Small children do not wait for pain
to make a lasting mark. They give fair warning;
we have time to wipe tears, mop trouble, kiss
a bruise, pronounce it healed.

But love leaves an impression that won’t
be kissed away; an imprint left in something soft
hardens and congeals. What passed through fire once
is tempered, then annealed.

Children trace fingers over fossils, guess
at what’s revealed: evidence of ridges, indentations,
life long over, heart’s rush sealed.




Carole Greenfield was raised in Colombia and now lives in New England. Her work has appeared in Red Dancefloor, GulfstreamThe Sow’s EarWomen’s Words: ResolutionArc, and is forthcoming in The Eunoia Review.

Two Poems by Miriam Manglani

Beach Days

I spent my childhood summers
listening to the sound of the ocean’s tongues
lap the shore’s sandy face,
the cries of gulls stirring the salty air.

Lying on a soggy towel,
holding a book over my head,
its words lifting me to other worlds.

Eating tuna sandwiches
while feeding the squawking gulls,
fighting like bickering lovers over scraps.

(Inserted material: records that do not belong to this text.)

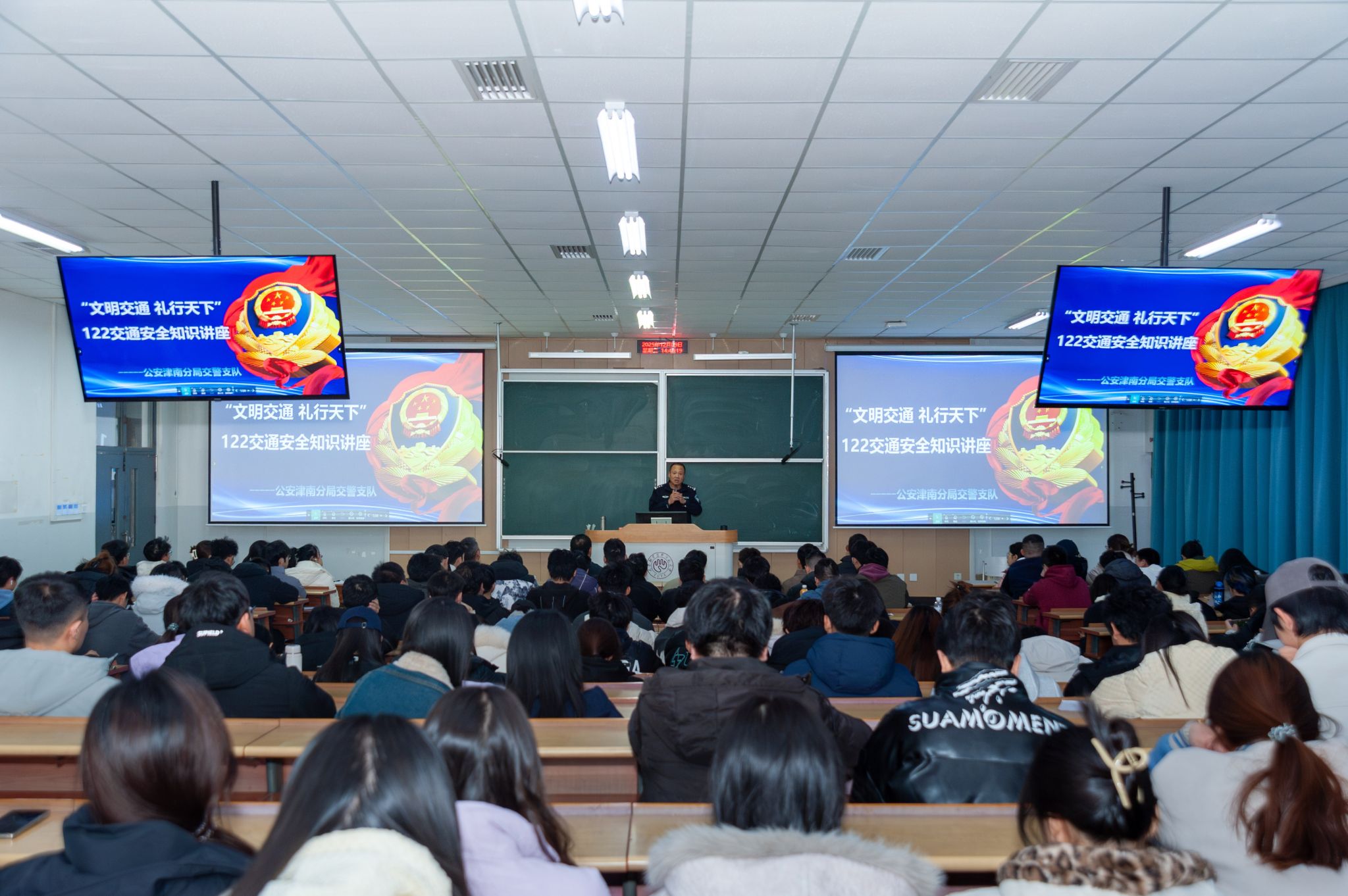 石警民行使接通变乱案例瞅频、图片战统计数据,联合校园周边接通处境取典范变乱案例,以案道法,用浅显易懂的谈话诠释了接通平安规矩。道座中,他核心分析了电动自止车背规骑止、灵活车酒驾风险、年夜货车盲区战启门宰等罕见接透风险;仔细解读马道谦让划定规矩、电动自止车骑止防备标准、灵活车驾驭平安重点等真用学问。末了,他号召年夜家要盲目恪守接通准则,吐弃接通成规,宽守接通划定规矩,干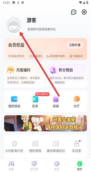 2、在進入到我的主頁中,可以點擊頭像區(qū)域后,準備開始進行登錄操作。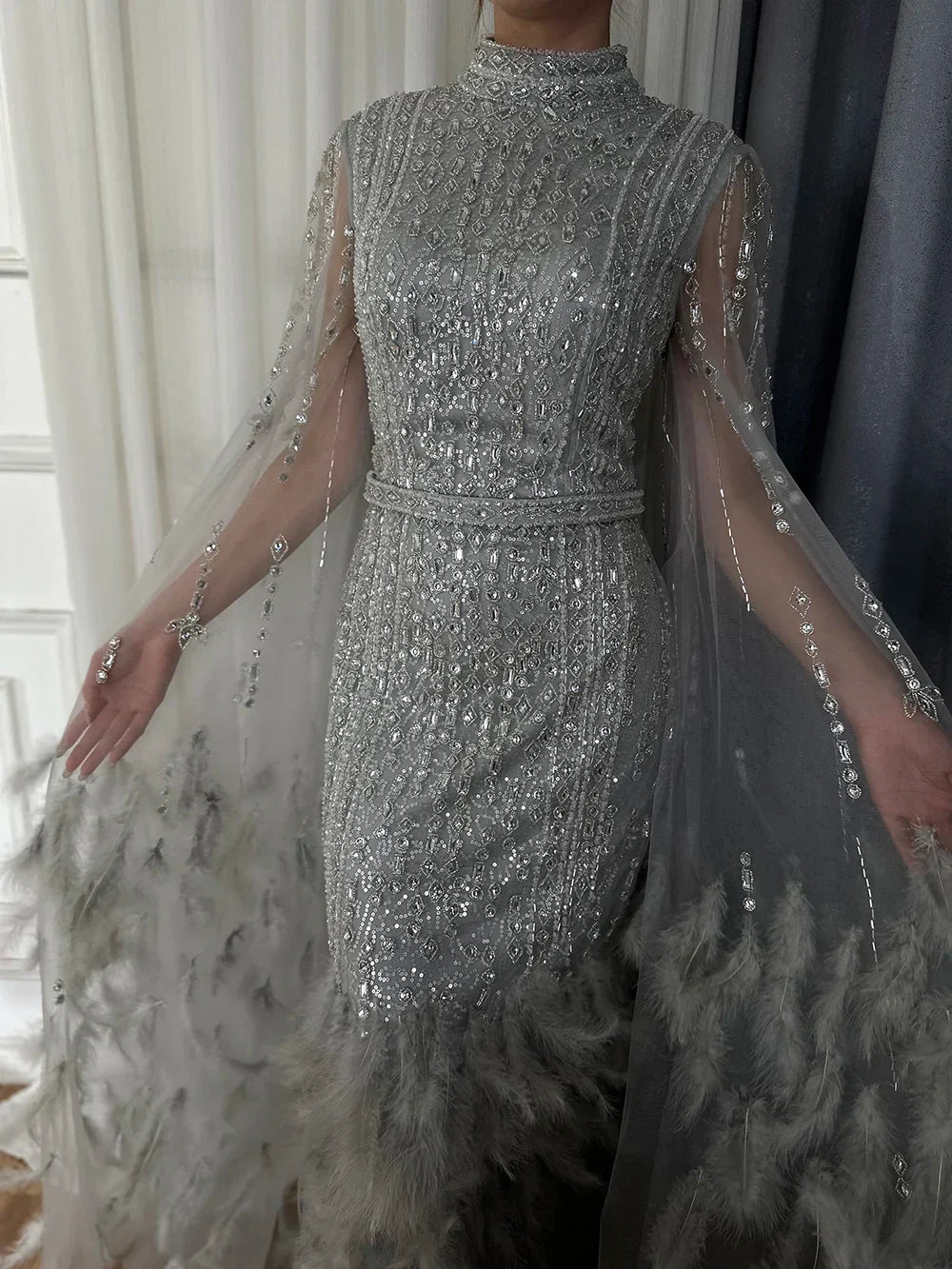 Robe de soirée sirène gris argenté 2025, manches cape, plumes, perles, longueur cheville, pour une occasion formelle, LA72747

Hearing my parents and their loud friends from Egypt
clustered like a gaggle of Arabic speaking geese
sheltered in a group of umbrellas,
playing backgammon,
littering the sand with their peach pits
and pumpkin seed shells.

Floating on my back in the ocean
as I stared into a kite-speckled sky
teaming with white cotton candy.

Taking a shower and uncovering
a mini shore in my swim suit
of sand, rocks, and seaweed.

Going to bed and feeling the cozy warmth
of the day’s sun radiate from my reddened skin,
warming me in the cool night,
my mattress a big raft
floating in a sea of dreams, moonlight, and chirping crickets.


Homeless Village

And there it was.
Tucked under an edge
of the Charles River Bridge,
lit by the early morning light
reflected off the still river—
a homeless village.

With their colorful tents,
piles of empty tin cans
in rusting supermarket carts
waiting to be redeemed
for a few life-saving dollars,
salvaged mattresses
with their fluff spilling out
and poky springs,
empty, cracked vodka bottles,
and rusting propane tanks
for cooking whatever-scraps of food.

I stare at men emerging from tents,
as if they were beings from another world,
their waking arms yawning in the morning sun.

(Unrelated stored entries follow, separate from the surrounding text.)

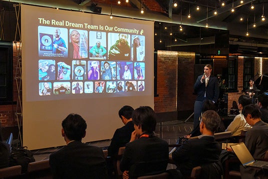 ファイナルピッチでは、300件以上の応募の中から選出された世界各国のスタートアップ10社と社内公募1件の計11チームが登壇し、ファイナリストのビジョンを五感で体験できる新たな試みとして、1分間の「サウンド・ストーリーテリング」を実施しました。ファイナリストの想いやパッションに呼応し、ライブミュージシャンがジャズセッションのように演奏し、ビジョンをより立体的に表現しました。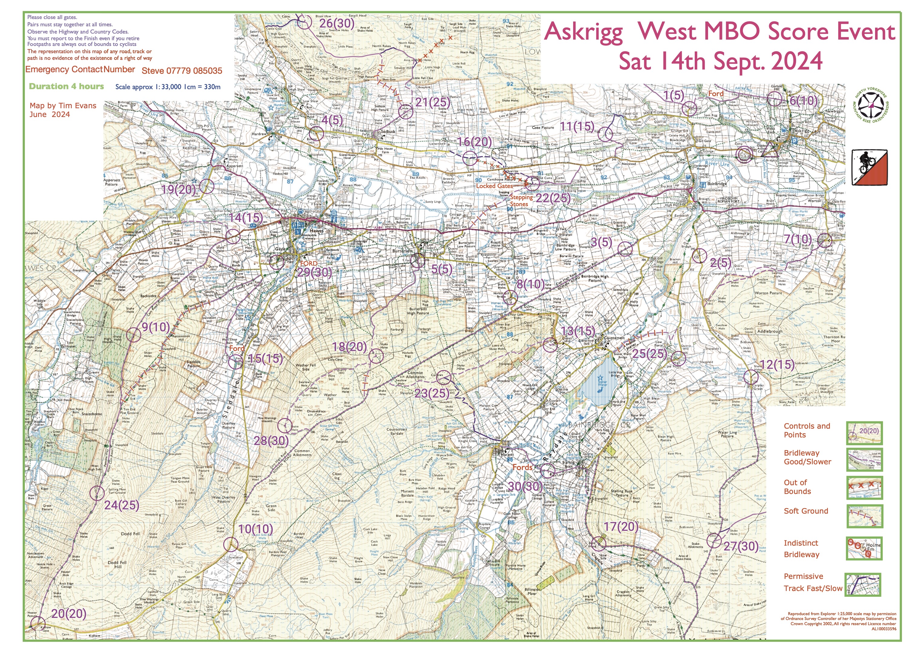 Here are the control maps and the Steve’s report from the Wensleydale weekend. On the day results are in the previous posts (Tim is working through some rider queries so the final results will be posted here shortly).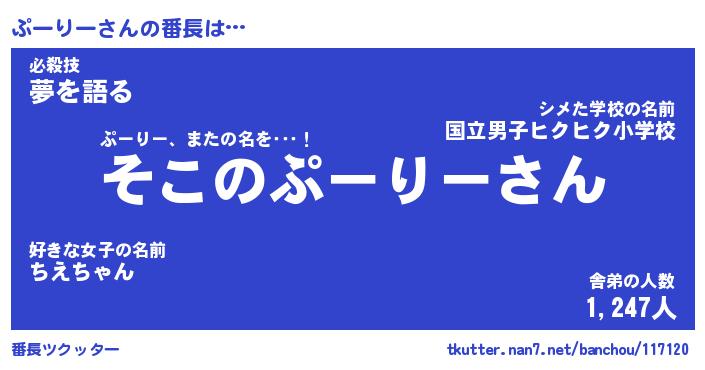 | 男性向けラノベタイトル風あだ名 | 『ぷーりーの憂鬱』 |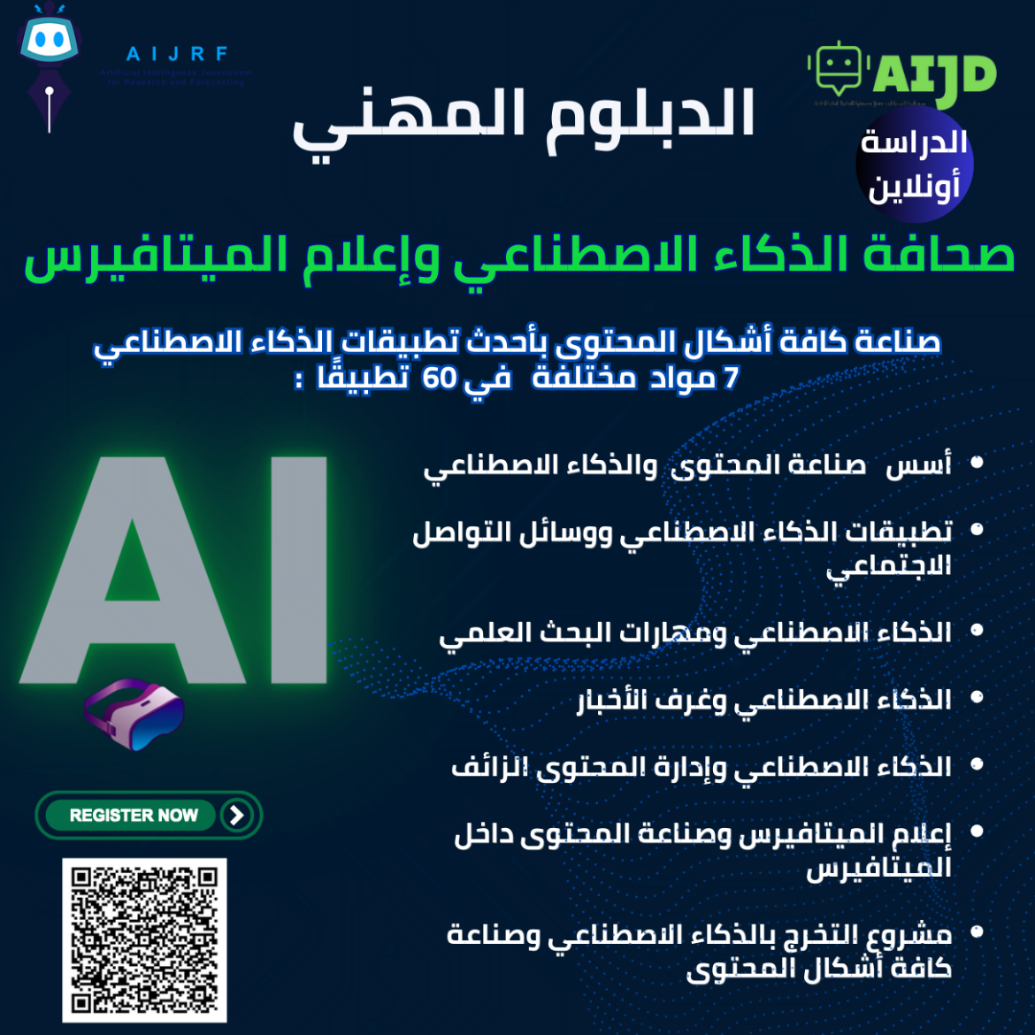 أول دبلوم مهني تطبيقي مُتخصص، تم الإعلان عن دورته الاولى في نوفمبر 2022، ويقدم كل 3 أشهر دورة مختلفة ومتطورة ومحدثة، يتعلم الدارسون فيه أكثر من 50 تطبيقا من تطبيقات الذكاء الاصطناعي في صناعة وإدارة كافة أشكال المحتوى الإعلامي عبر منصات: الأخبار، التواصل الاجتماعي، منصات الخدمات الحكومية، منصات الأبحاث والدراسات العلمية والأكاديمية.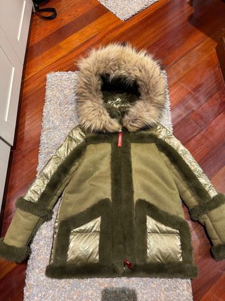 ***Hay que cambiar la cremallera**** Chaqueta tipo parka con forro interior de borreguito y capucha con pelo. - Cierre de cremallera y botones a presión. - Bolsillos frontales con solapa y botones. - Puños ajustables con botones. - Detalle de cremalleras decorativas.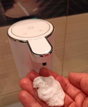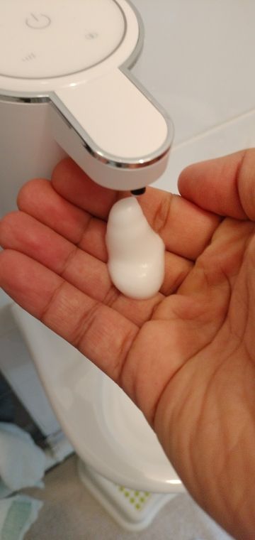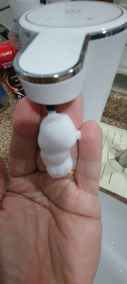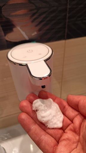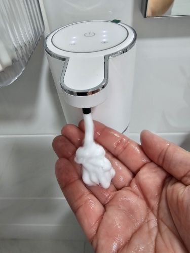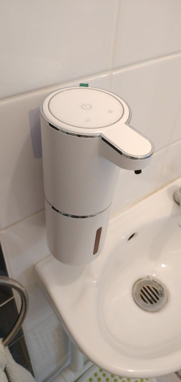 The dispenser is aesthetically made of good materials. When one part of a regular liquid soap is mixed with three parts of water, a nice foam comes out. There's enough of her on the other ooze to successfully wash her hands.

Miriam Manglani lives in Cambridge, Massachusetts, with her husband and three children. She works full-time as a Sr. Technical Training Manager. Her poems have been published in various magazines and journals including Poetry Quarterly, Rushing Thru the Dark, Vita Brevis, Cerasus MagazineSparks of Calliope, and Canyon Voices. Most recently, her poetry chapbook, Ordinary Wonders, was published by Prolific Press.